SELECT class_num, class_name
    FROM class
    WHERE EXISTS
        (SELECT * FROM roster WHERE class.class_num = roster.class_num);
          Any statement with an EXISTS subquery
          predicate is subject to the same semijoin transforms as a
          statement with an equivalent IN subquery
          predicate.
        
The following subqueries are transformed into antijoins:
- NOT IN (SELECT ... FROM ...)
- NOT EXISTS (SELECT ... FROM ...).
- IN (SELECT ... FROM ...) IS NOT TRUE
- EXISTS (SELECT ... FROM ...) IS NOT TRUE.
- IN (SELECT ... FROM ...) IS FALSE
- EXISTS (SELECT ... FROM ...) IS FALSE.
          In short, any negation of a subquery of the form IN
          (SELECT ... FROM ...) or EXISTS (SELECT ...
          FROM ...) is transformed into an antijoin.
        
An antijoin is an operation that returns only rows for which there is no match. Consider the query shown here:
SELECT class_num, class_name
    FROM class
    WHERE class_num NOT IN
        (SELECT class_num FROM roster);
          This query is rewritten internally as the antijoin
          SELECT class_num, class_name FROM class ANTIJOIN
          roster ON class_num, which returns one instance of
          each row in class that is
          not matched by any rows in
          roster. This means that, for each row in
          class, as soon as a match is found in
          roster, the row in class
          can be discarded.
        
          Antijoin transformations cannot in most cases be applied if
          the expressions being compared are nullable. An exception to
          this rule is that (... NOT IN (SELECT ...)) IS NOT
          FALSE and its equivalent (... IN (SELECT
          ...)) IS NOT TRUE can be transformed into antijoins.
        
Outer join and inner join syntax is permitted in the outer query specification, and table references may be base tables, derived tables, view references, or common table expressions.

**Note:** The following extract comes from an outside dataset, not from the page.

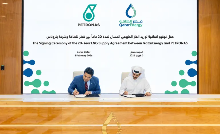وقّعت قطر للطاقة وبتروناس الماليزية اتفاقية بيع وشراء طويلة الأجل لتوريد الغاز الطبيعي المسال لمدة 20 عامًا، بكمية تبلغ مليوني طن سنويًا، على أن تبدأ الإمدادات اعتبارًا من عام 2028، في خطوة استراتيجية تعزز حضور الدوحة في الأسواق الآسيوية وتدعم أمن الطاقة في ماليزيا.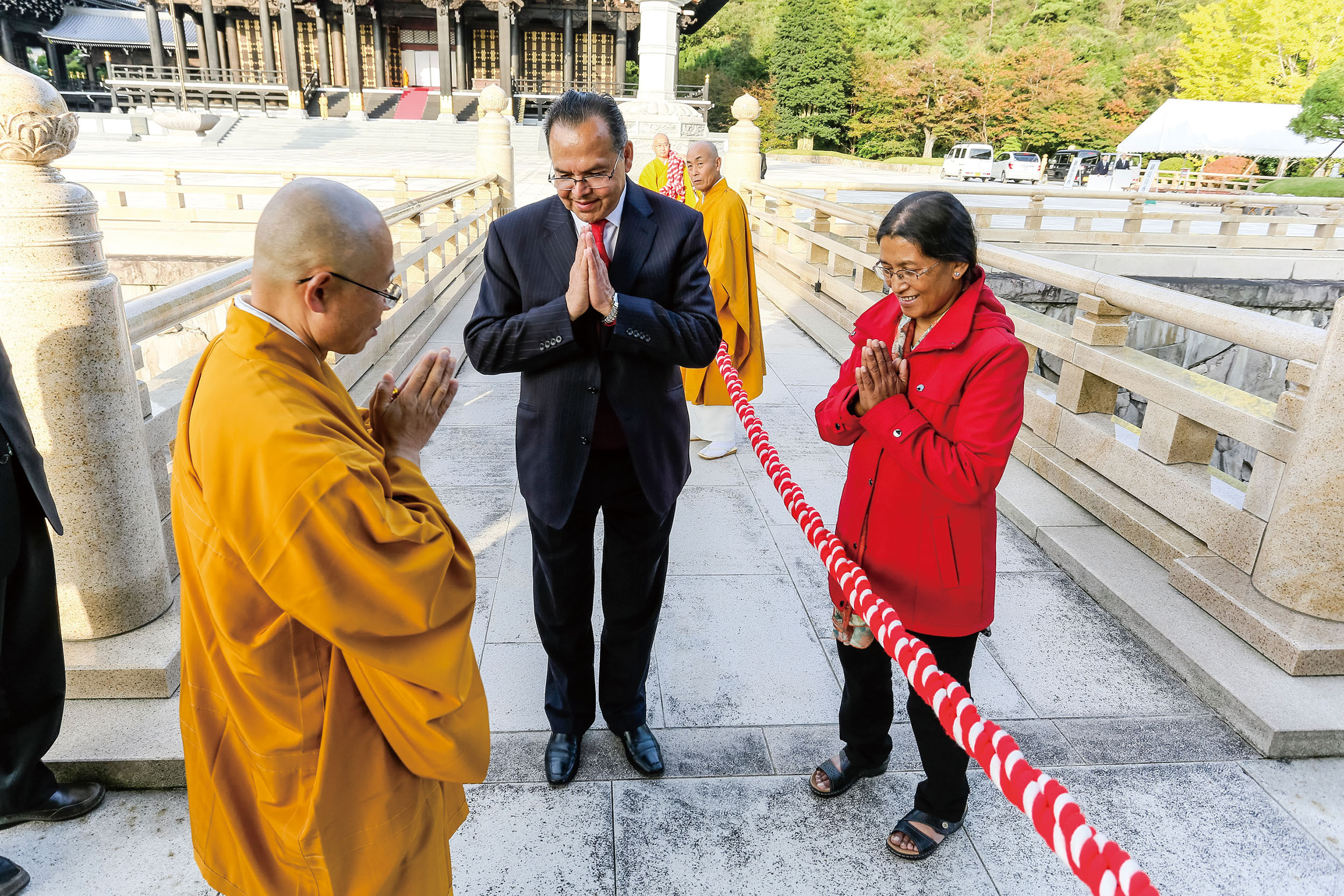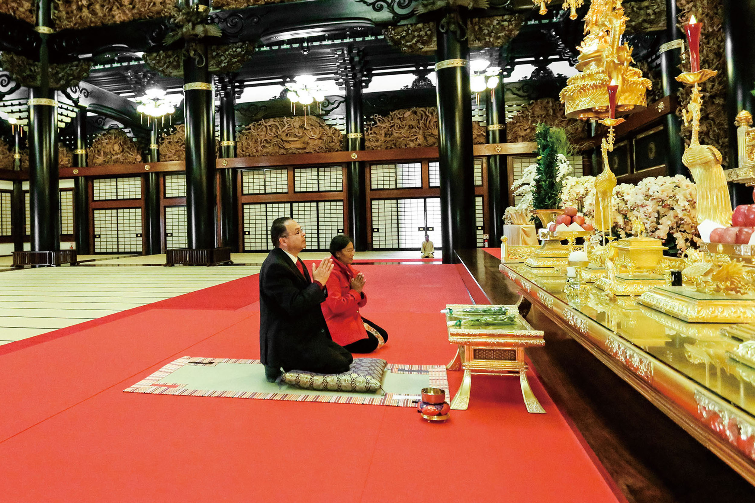 釈尊 御生誕の地であるルンビニーを有するネパールより、 第 58 代 首相 ジャラ・ナート・カナール閣下 御夫妻が、 佛教サミット ネパール代表 大僧正猊下の御紹介により、初めて総本山「佛教之王堂」に参詣されました。

          In MySQL, a subquery must satisfy these criteria to be handled
          as a semijoin (or an antijoin, if NOT
          modifies the subquery):
- It must be part of an - IN,- = ANY, or- EXISTSpredicate that appears at the top level of the- WHEREor- ONclause, possibly as a term in an- ANDexpression. For example:- SELECT ... FROM ot1, ... WHERE (oe1, ...) IN (SELECT ie1, ... FROM it1, ... WHERE ...);- Here, - ot_and- i- it_represent tables in the outer and inner parts of the query, and- i- oe_and- i- ie_represent expressions that refer to columns in the outer and inner tables.- i- The subquery can also be the argument to an expression modified by - NOT,- IS [NOT] TRUE, or- IS [NOT] FALSE.
- It must not contain a - HAVINGclause.
- It must not contain any aggregate functions (whether it is explicitly or implicitly grouped). 
- It must not have a - LIMITclause.
- The statement must not use the - STRAIGHT_JOINjoin type in the outer query.
- The - STRAIGHT_JOINmodifier must not be present.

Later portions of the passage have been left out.